In the course of data checks for the latest wave of data we discovered a coding error in the NS-SEC variables used to measure occupational class in the British Election Study Internet Panel in waves 1-9. This error does not affect the British Election Study face-to-face data. NS-SEC is calculated through coding a SOC2010 code that describes an individual’s job on the basis of open-ended responses. This code is then cross-referenced with their occupational status (whether they are a small employer, large employer, self-employed, manager at a large firm, manager at a small firm, supervisor or employee) to derive an NS-SEC code and NS-SEC analytic code.

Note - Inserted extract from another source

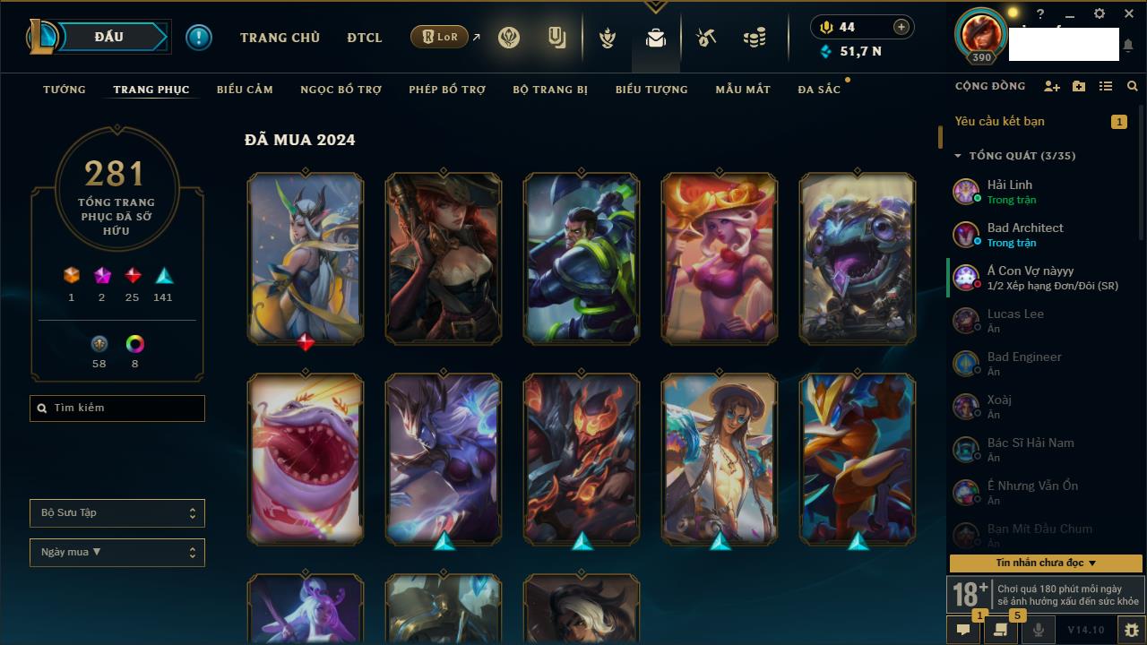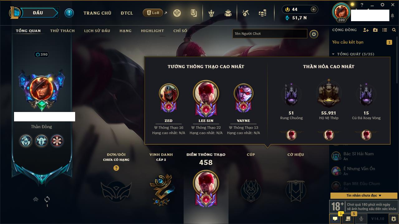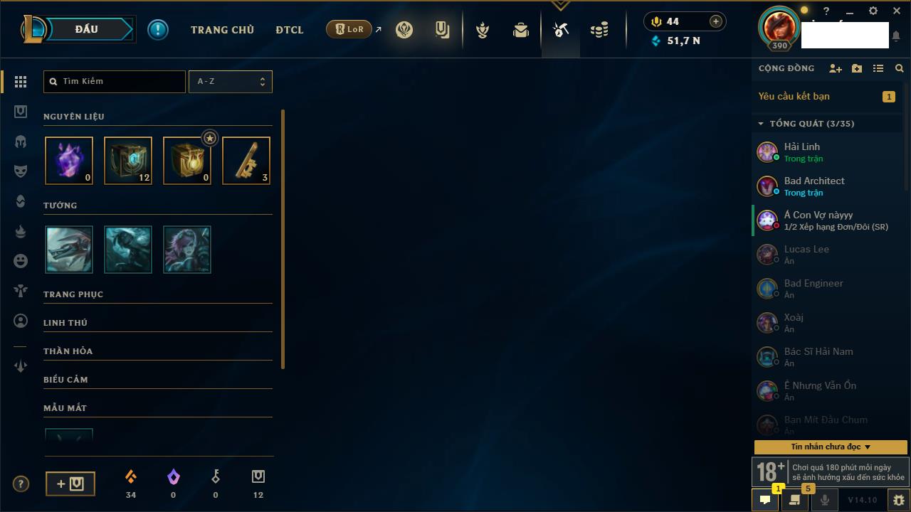 Rank Đơn: Vàng IIIKhung: Chưa có khungTướng: 171 - Còn 79750 THXTrang Phục: 288Rank ĐTCL: Chưa RankLinh Thú: 79

The coding error inadvertently meant that the lookup table reversed the columns of small and large employers. This means that some people in the small employer category (not including self-employed) were included as large employers and vice-versa. Because these constitute a small percentage of the overall sample (1%) they were not detected in our original random checks. The updated versions of the data contain the new versions of the two variables for the two time periods. The difference between the original and revised NS-SEC analytic codes are shown in the following tables:

Waves 1-5
New coding
Old coding 1.1 1.2 2 3 4 5 6 7
1.1 1,188 0 46 0 434 0 0 0
1.2 0 4,438 0 0 0 0 0 0
2 4 0 11,033 0 0 0 0 0
3 0 0 0 7,122 0 0 0 0
4 34 0 0 0 2,355 0 0 0
5 0 0 0 0 0 2,361 0 0
6 0 0 0 0 0 0 3,593 0
7 0 0 0 0 0 0 0 2,013

 

Waves 6-9
New coding
Old coding 1.1 1.2 2 3 4 5 6 7
1.1 1,439 0 10 0 127 0 0 0
1.2 0 4,939 0 0 0 0 0 0
2 2 0 11,427 0 0 0 0 0
3 0 0 0 8,014 0 0 0 0
4 16 0 0 0 2,676 0 0 0
5 0 0 0 0 0 2,144 0 0
6 0 0 0 0 0 0 3,907 0
7 0 0 0 0 0 0 0 2,085

 

Key

1.1 Employers in large organisations and higher managerial
1.2 Higher professional occupations
2 Lower professional and managerial and higher supervisory
3 Intermediate occupations
4 Employers in small organisations and own account workers
5 Lower supervisory and technical occupations
6 Semi-routine occupations
7 Routine occupations

This should generally not affect analysis at the NS-SEC analytic level, because these changes only affect a small proportion of the large employers/managers and small employers/own account workers. However, analyses separately analyzing responses at the NS-SEC full code level that specifically focus on large and small employers could potentially be affected. We apologise for the error and have instituted further checks to make sure that this cannot reoccur. We are in the process of updating our data management approach to deal with the complexity of managing 14 waves and large amounts of linked data and will continue to make improvements to the datasets.